One notable shift in spending is that luxury properties — those priced higher than $401 per night — are currently dominating occupancy and rates for the summer, while moderate properties (between $251 and $450 per night) experienced moderate gains. Economy properties, priced at $250 per night or lower, are the only property pulling back on summer rates in an attempt to increase occupancy.
“We know for a fact that people at the lower end and moderate end of the pay scale are suffering more than those at the luxury end,” Foley said. “The luxury end are … seeing their savings going up.
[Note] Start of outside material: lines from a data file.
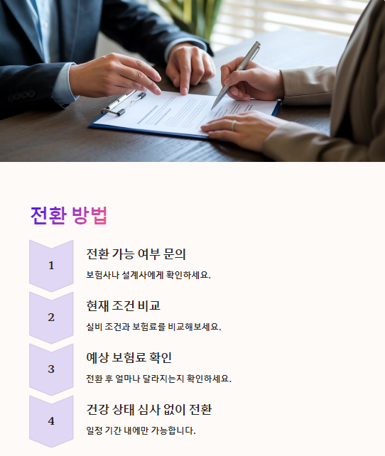 1. 보험사 또는 설계사에게 전환 가능 여부 문의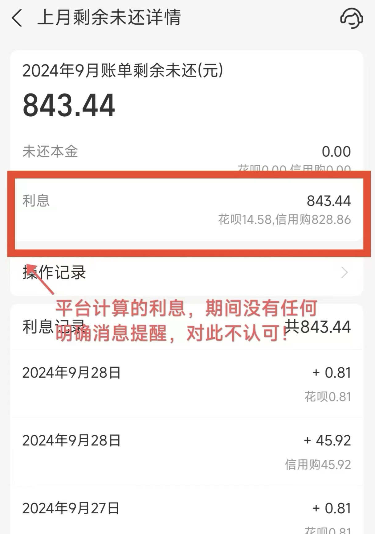 鲍女士说,在平台计算利息时,没有任何消息提示。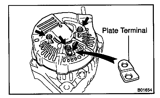 b. Remove the bolt, 3 nuts, plate terminal and end cover.
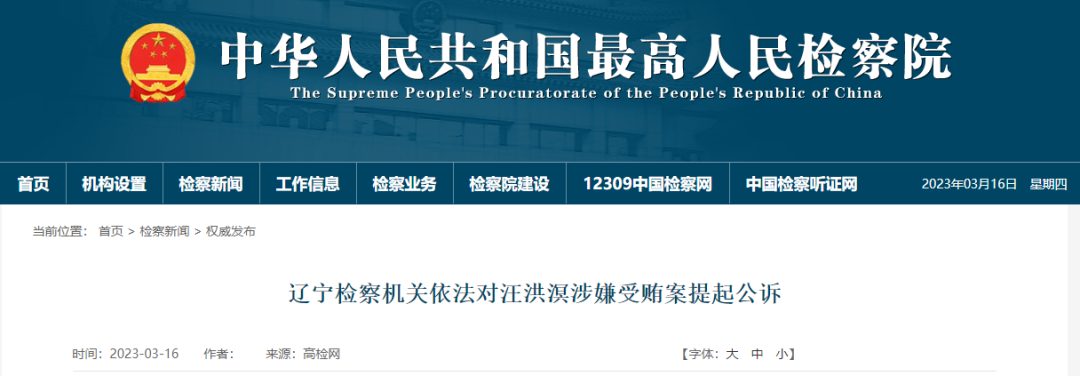遼寧省發(fā)展和改革委員會(huì)原黨組成員、副主任兼遼寧省能源局原局長汪洪溟(副廳級(jí))涉嫌受賄罪一案,由遼寧省監(jiān)察委員會(huì)調(diào)查終結(jié),經(jīng)遼寧省人民檢察院指定管轄,由沈陽市遼中區(qū)人民檢察院審查起訴。日前,遼中區(qū)人民檢察院依法向遼中區(qū)人民法院提起公訴。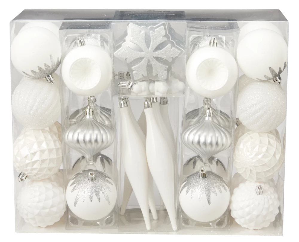 - Includes a mix of different size and shaped ball ornaments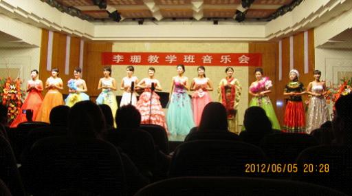 2012年6月5日晚19:30,“李珊副教授声乐教学班音乐会”在歌剧合唱全体领导和老师们的支持下,在今年会jinnian官网小音乐厅成功举行。 此次音乐会也得到了不少外系老师、同学、朋友的关注与支持,气氛热烈,座无虚席。 担任此次音乐会钢琴伴奏的是我系青年讲师李菲菲。参加此次教学班音乐会的一共有12位同学,其中:歌剧专业6名,合唱专业6名,大一学生9名,大二、大三、大四各一名。此次音乐会由小合唱和独唱巧妙穿插、串联。在曲目的选择上也十分考究,既有充满浓郁特色的地方民歌如:《亲疙瘩下河洗衣裳》也有改编民歌《兰花花》;既有经典歌剧唱段,如:《洪湖市浪打浪》《山歌好比春江水》,也有现代创作歌曲,如:《峡江情歌》《祖国之恋》《红旗颂》《望月》等,同学们热情洋溢的歌声与此起彼伏的掌声相互交融,将音乐会一次次推向高潮! 音乐会结束后,李珊老师给予了同学们极大的鼓励,同时也耐心指出其中的不足之处,以勉励同学们在今后的歌唱道路上走得更高,更远!!

They feel like they have more discretionary spending, and they operate at a consumer confidence level that’s closer to 110 points than the 92 we’re at.”
Additionally, Foley pointed out that Thursday and Friday bookings leading up to Fourth of July weekend are down compared to last year, while mid-week bookings after the Saturday holiday are up.
“That’s usually an economic factor,” Foley said. “For the most part, it has to do with the fact that room rates are less expensive Monday through Thursday than they are Friday through Sunday. … When there is economic pressure on people, which there very definitely is right now, especially for economy and moderate consumers, they tend to gravitate towards mid-week stays.”
Booking lead-times from the date of reservation to the date of arrival have also been pushed out to 56.4 days in April — 15.5% longer than last year, according to data from all seven states. This marks the longest lead-time on record for this time of year since the start of the pandemic in April 2020.
Although pent-up demand from the slow winter makes it difficult to isolate impacts to bookings from ongoing increases in gas and airfare prices, Foley said changes to consumer behavior could become clearer as Colorado approaches the 2026-27 winter season.
“We’re not seeing primarily drive markets suffer any more than primarily fly markets, but everything’s doing fairly strongly,” Foley said. “(Gas prices) have to be having an impact on perhaps shorter drives … but we don’t have evidence of it yet.”